This research follows the recent failure of Silicon Valley Bank (SVB), where the majority of accounts exceeded the $250,000 threshold guaranteed by the Federal Deposit Insurance Corporation (FDIC). To protect the remainder of the financial system, where approximately half of deposits surpass $250,000, financial authorities hastily backed all deposits at SVB to prevent bank runs.

SVB had been forced to cover withdrawals by selling a bond portfolio that had significantly declined in value due to the Federal Reserve's efforts to curb inflation by promoting higher interest rates across the economy.

The study discovered that the Federal Reserve's monetary tightening has led to a 10% decrease in bank asset values, indicating that the overall financial system's assets are $2 trillion lower than their book value suggests.

Before the Federal Reserve raised the target federal funds rate by a total of 4.5% over the past year, the banking system would have been solvent if half or all of the uninsured depositors tried to withdraw their balances.
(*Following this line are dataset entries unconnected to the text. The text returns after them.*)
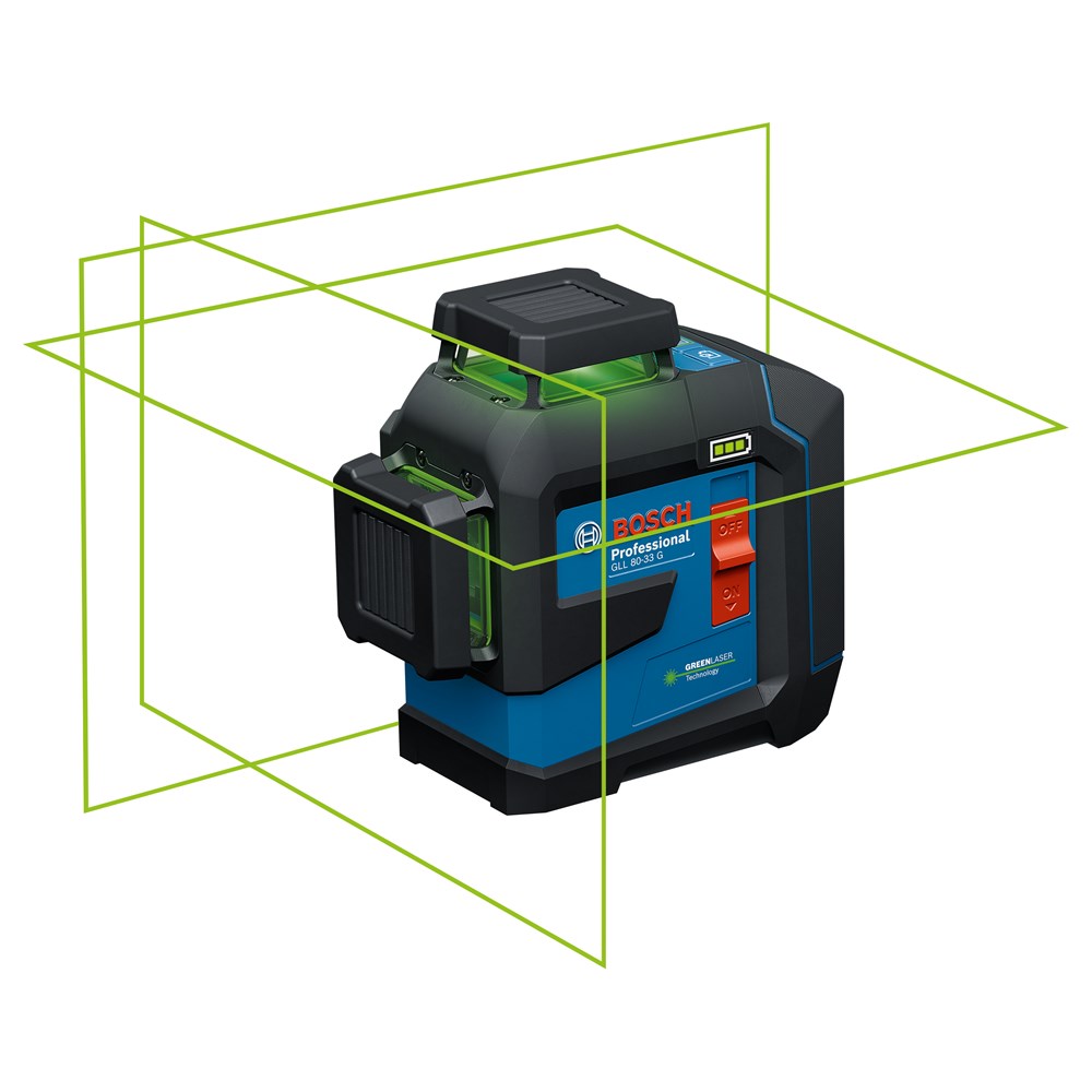 De GLL 80-33 G Professional is een intuïtieve lijnlaser voor de nauwkeurigste uitlijnings- en nivelleerklussen. Door zijn IP65-beschermingsklasse en met rubber versterkte behuizing en laservensters is hij bestand tegen stof en water, voor werken met vertrouwen, zelfs in de ruigste werkomgeving. Het nieuwe toetspaneelontwerp maakt eenvoudige selectie van elke laserlijn mogelijk en heeft een energiebesparingsmodus voor een langere gebruiksduur van de accu. Daarnaast biedt een dubbele voedingsbron (dual power) de flexibiliteit om te wisselen tussen de Li-Ion accu BA 3.7V 3.0Ah XL en AA-alkalinebatterijen, dus geen zorgen over uitvaltijd door een lege accu.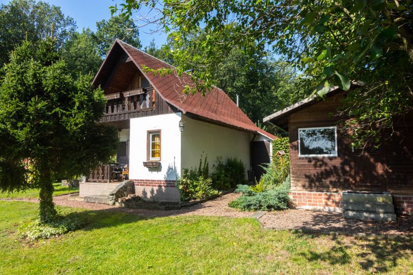 Umringt von Wäldern mit Spazier- und Wanderwegen befindet sich dieses sehr gepflegte, ca. 1.499 m² große Erholungsgrundstück. Der weitläufige Garten bietet abwechslungsreiche Möglichkeiten, um aktiv zu sein und sich in der Waldluft zu erholen. An heißen Sommertagen springt man gern in das kühle Nass des überdachten Pools und verbringt eine wundervolle Zeit bei Festen mit Freunden und der Familie unter freiem Himmel. Gäste, die Sie trotz der Möglichkeit einer unkomplizierten Heimfahrt mit dem Auto oder öffentlichen Verkehrsmitteln nicht verlassen wollen, übernachten ganz einfach im gemütlichen, zusätzlichen Gästehaus. Die überdachte Terrasse verlängert die Abende bei einem guten Wein und schützt vor kleinen und größeren Tröpfchen von Oben. Auch der Winter zeigt sich nach dem entspannenden Gang in die holzbefeuerte, gemütliche Sauna und bei einem guten Buch am wärmespendenden, offenen Kamin des Wochenendhauses von seiner angenehmsten Seite. Für jede Altersgruppe bieten sich vielseitige Erholungsmöglichkeiten. Der Wohnbereich im liebevoll, massiv errichteten Haupthaus kann zusätzlich mit einem Ofen beheizt werden. Der Kamin verfügt über ein Umluftgebläse. Der kleine, feine Schlafboden verspricht schöne Träume und man begrüßt den Tag mit einem Blick in die Natur vom sich anschließenden Balkon. Eine ganzjährige Nutzung dieses traumhaften Objektes als Zweitwohnsitz ist denkbar. Zu empfehlen wäre die Modernisierung der Sanitärausstattung und eine abwasserseitige Erschließung. Hierzu liegen die Bestandspläne bereits vor. Das Häuschen und die Nebengelasse befinden sich in einem gepflegten, altersentsprechenden Zustand und können mit wenigen Handgriffen in Ihr persönliches Traumdomizil verwandelt werden. Ergänzt wird das bezaubernde Ensemble durch eine geräumige Garage, Stellplätze und nützliche Abstellmöglichkeiten. Am Rand des Grundstückes plätschert der Riedbach und lädt Sie ein, einfach zu sich selbst zu finden - wir ebenfalls!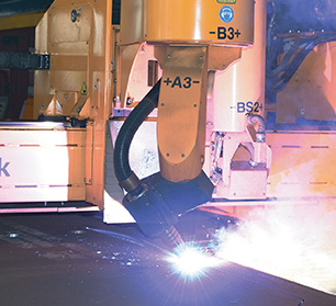 數(shù)控落地鏜銑床TH6920,采用西門(mén)子公司數(shù)控系統(tǒng),刀庫(kù)容量40把。配合回轉(zhuǎn)工作臺(tái)使用,更好地保證關(guān)鍵結(jié)構(gòu)件的形位公差要求,可完成采煤機(jī)大型結(jié)構(gòu)件的精加工,加工精度達(dá)6級(jí)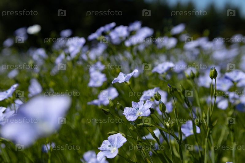 Лен цветущий в поле, голубые цветы, сельскохозяйственная масличная культура
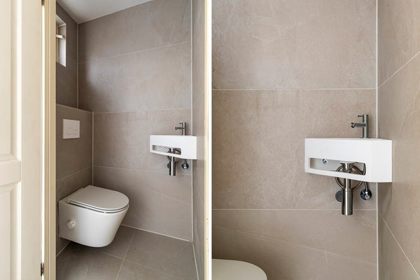 Het zwevend toilet (met bidetfunctie) is nieuw en uitgevoerd met een wit hoekfonteintje en het geheel is betegeld met een zandbeige vloer en wandtegels waarbij een raampje aan de voorzijde van de woning zorgt voor daglicht en natuurlijke ventilatie.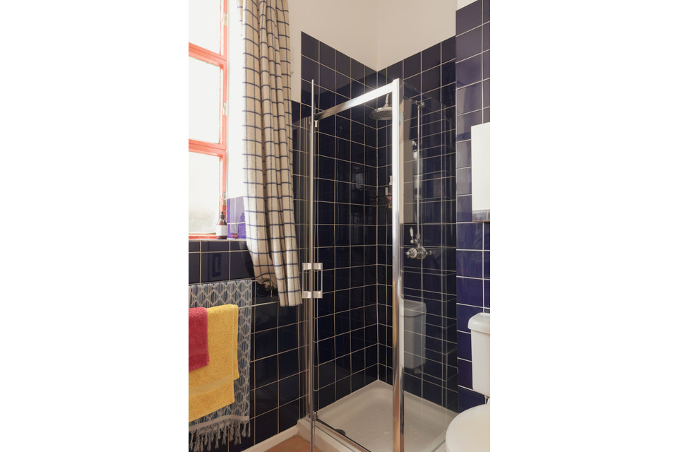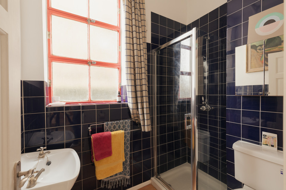 A shared front garden sets the attractive building back from the pavement. On entry to the flat (swoon at those ceilings!), you first have your shower room to your right, with a cool Crittall window, white sanitaryware, and traditional-style fittings.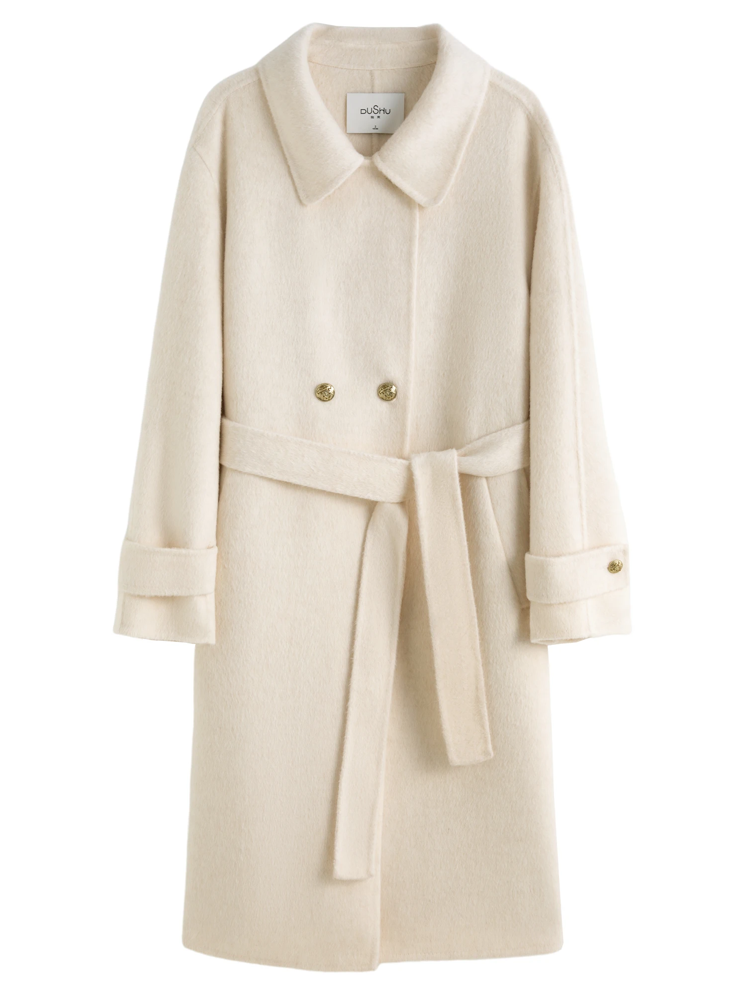 DUSHU Plus Size Simple Atmospheric Long Woolen Coat Winter New Style Elegant Shoulder Drop Woolen Coat Outerwear 24DS84265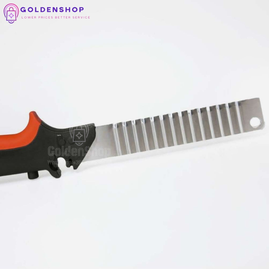 - Makaze su izrađene od nerđajućeg čelika sa plastičnom drškom i mogu se koristiti za sitno seckanje bilja, krompira, šargarepe, luka i ostalog povrća, mesa direktno u tiganj ili lonac

However, the substantial losses in the value of banks' long-duration assets induced by higher interest rates have made banks much more fragile to runs by uninsured depositors, the Daily Wire reported.

Researchers examined 4,800 banks, finding that 1,619 would not be able to withstand all uninsured account holders attempting to withdraw their funds, while 186 banks would not be able to cope with half of uninsured depositors demanding their funds.

Both scenarios assume that the banks would not be forced to sell their long-term assets at fire sale prices to cover withdrawals. The scenario of all uninsured depositors seeking to withdraw their funds is considered extreme but not impossible once news of a run spreads.

Silicon Valley Bank had 78% of its assets funded by uninsured deposits, placing it in the first percentile regarding uninsured leverage. The bank provided services to almost half of the venture-backed technology and healthcare firms in the US, which typically deposit far more than $250,000 to cover operations and potential crisis expenses.

Following the collapse of Silicon Valley Bank and Signature Bank, both of which held mainly uninsured deposits, lawmakers such as Rep. Maxine Waters (D-CA) and Sen. Elizabeth Warren (D-MA) have suggested that Congress reevaluate the $250,000 deposit insurance threshold.

President Joe Biden has assured the American people and businesses that their bank deposits will be available when needed, stating that “the American people and American businesses can have confidence that their bank deposits will be there when they need them."